Когда эта забавная пара приблизилась ко мне, веселая искорка блеснула во мраке моего сознания и, я с сёрьезной миной на лице промямлил:
— Сразу видно, что Вы посветили свою жизнь добродетели, и всё своё время проводите в непрерывных молитвах. — Заметив у них недоумение, пояснил, указав рукой на дырявые на коленях джинсы. — Я даже знаю позу, в которой Вы предпочитаете… молиться.
Они улыбнулись, отдав должное моей шутке, после чего Лида представила мне своего спутника:
— Познакомься. Это Михаил, мы вместе учились.
Он протянул руку:
— Якобошвили.
— А может быть, Якобсон. — Я даже сам удивился, почему подобная глупость сорвалась с языка.
— Если надо, то Якобсон, — сурово ответил мой новый знакомый.
Улыбаясь, Лида сняла напряжение, вызванное моей дурацкой фразой:
— По израильскому паспорту Михаил — Якобсон, а по российскому — Якобошвили.

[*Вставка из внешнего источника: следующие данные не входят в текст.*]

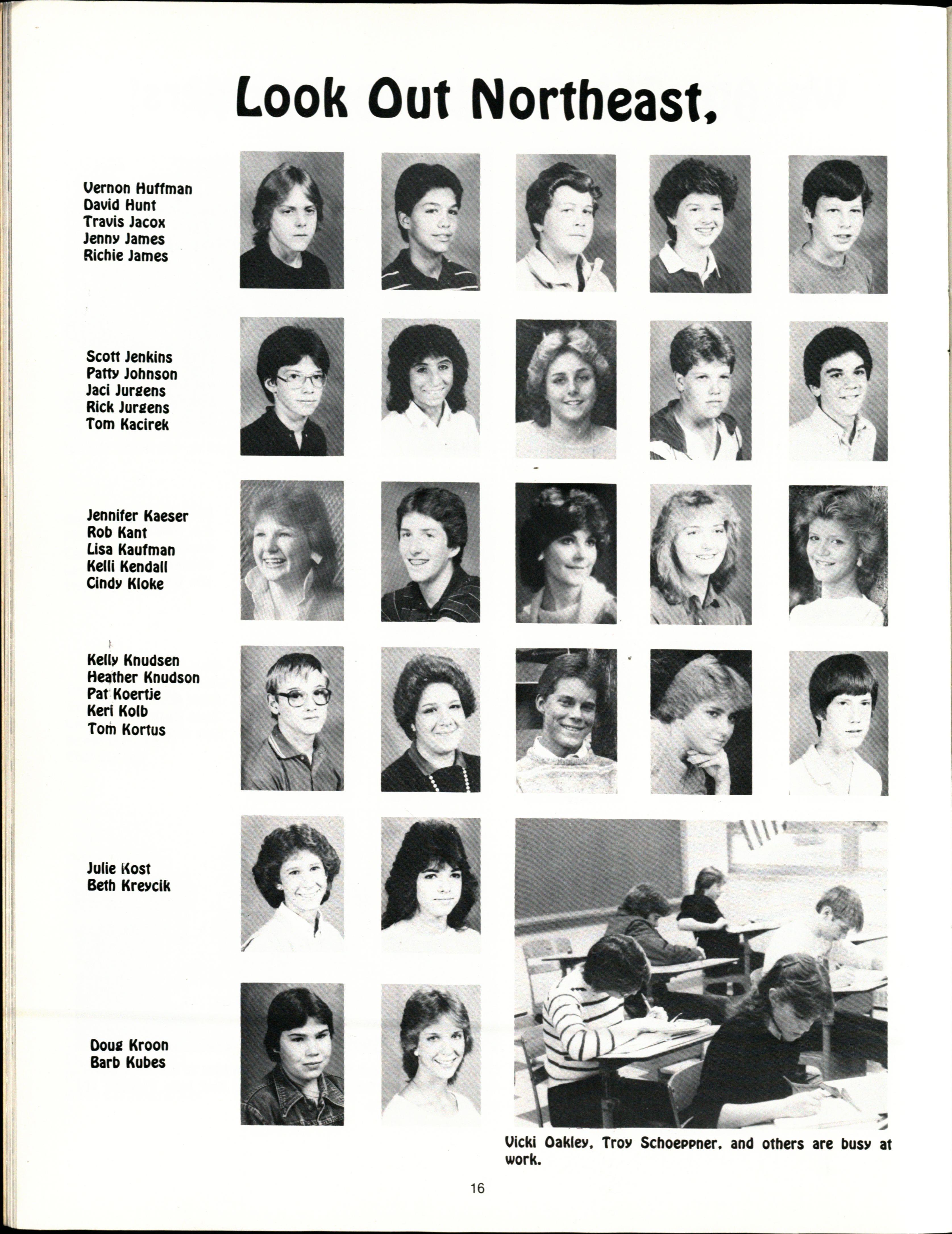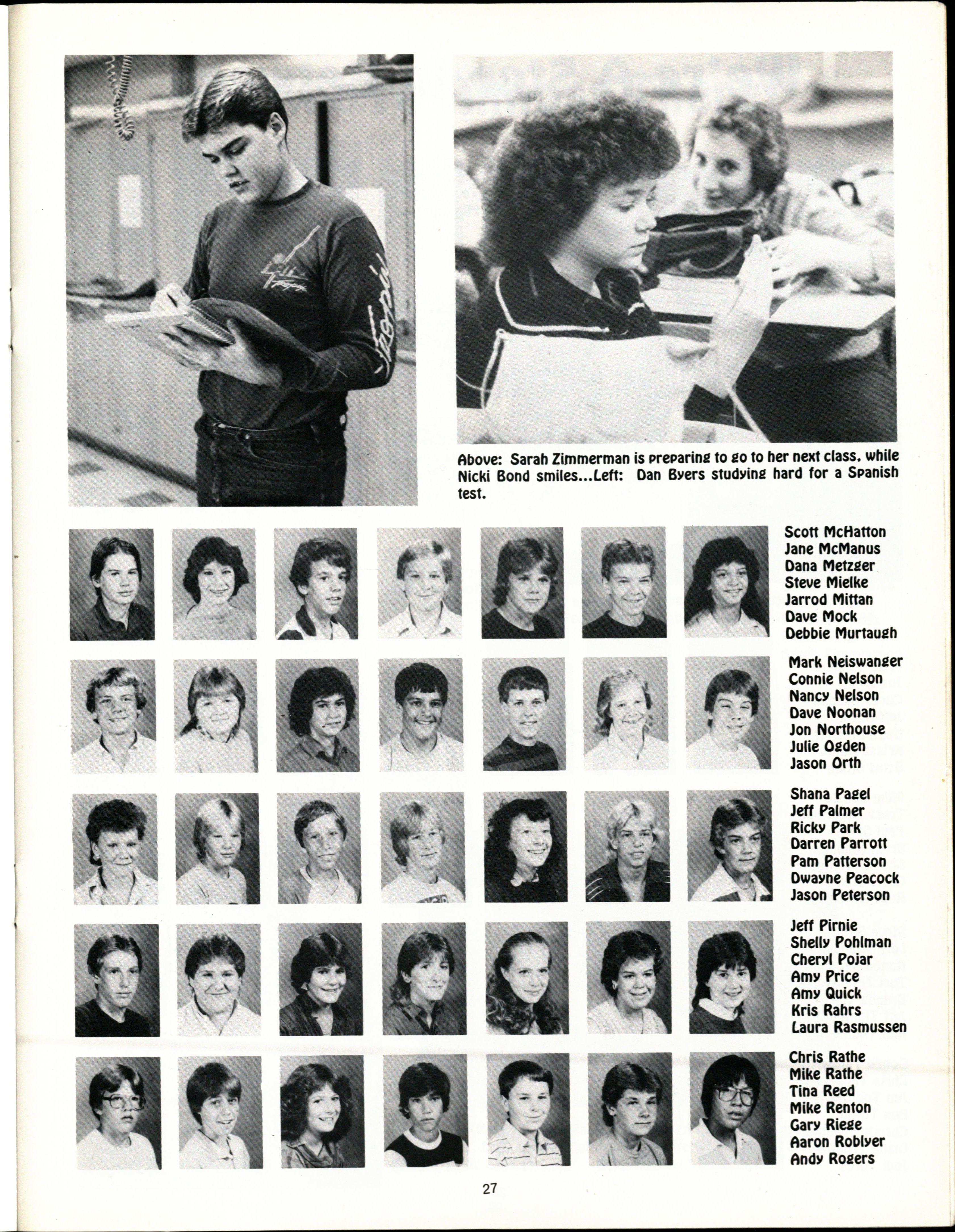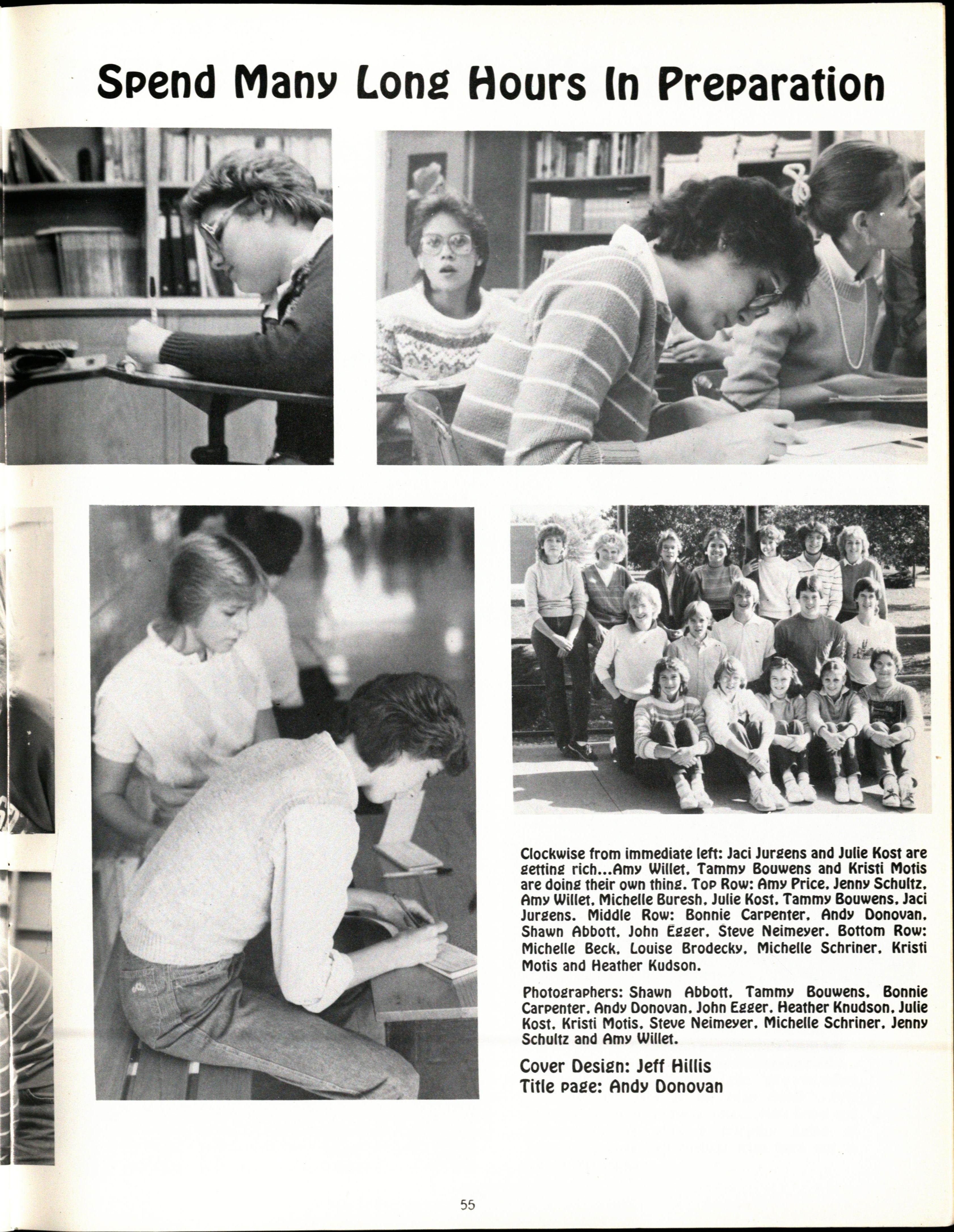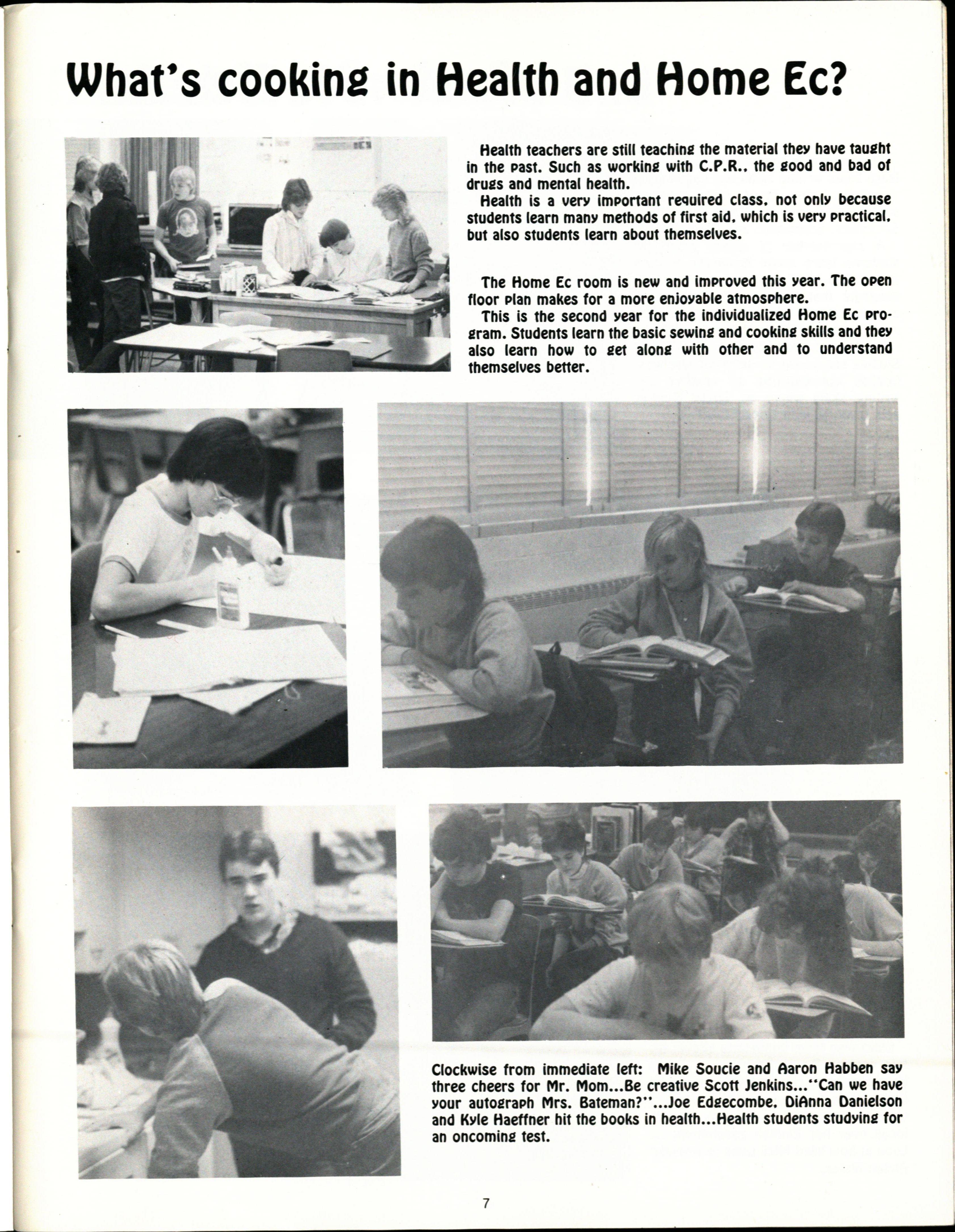Clockwise from immediate left: Mike Soucie and Aaron Habben say three cheers for Mr. Mom Be creative Scott Jenkins ... --can we have your autoaraPh Mrs. Bateman?··... Joe Edaecombe. OiAnna Danielson and KYie Haeffner hit the books in health Health students studYina for an oncomina test.
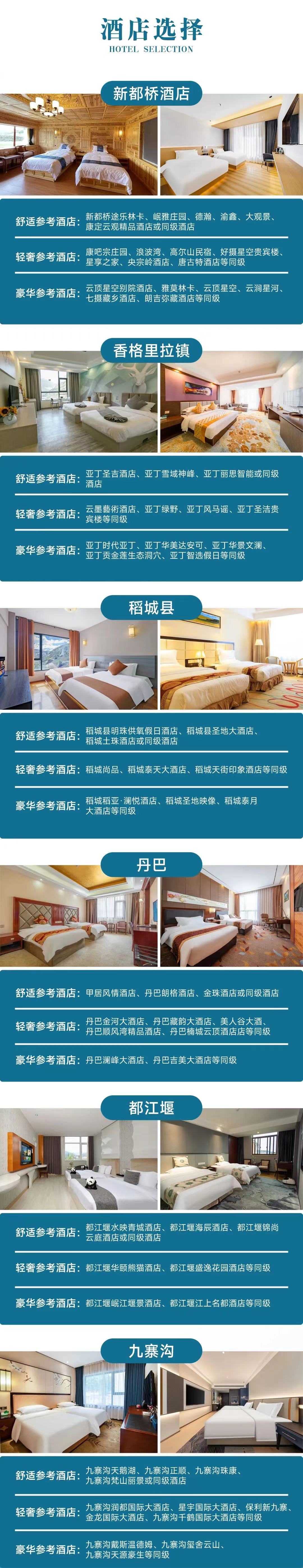 九寨沟:润都国际温泉、九宫宾馆、新九寨沟宾馆、星宇国际大酒店、保利新九寨、金龙国际大酒店、九寨沟千鹤国际大酒店等同级酒店

— А я слышал, что какой-то Якобошвили погиб. — Какая-то бесполезная информация почему-то сохранилась в моей памяти, будто бы специально, чтобы вытеснить оттуда какие-то нужные сведения.
— Это был мой брат, а теперь я веду его дело.
— Каждый должен заниматься своим делом, — сказал я, взяв в руки гирю, и несколько раз поднял её.
— Ну, я пошла, — попрощалась Лида.
Но её спутник не последовал за ней, а, сняв пиджак, тоже стал поднимать гирю.
— Пять, — я снисходительно процедил сквозь зубы, в глубине души радуясь, что не проиграл состязание молодому сопернику.
Однако, он, не смирившись со своим поражением, ещё пару раз подошёл к гире. Мне тоже пришлось сделать пару подходов и увеличивавшийся каждый раз разрыв в числе повторений сделал мою победу более весомой. Регулярные тренировки в Сокольниках дали о себе знать.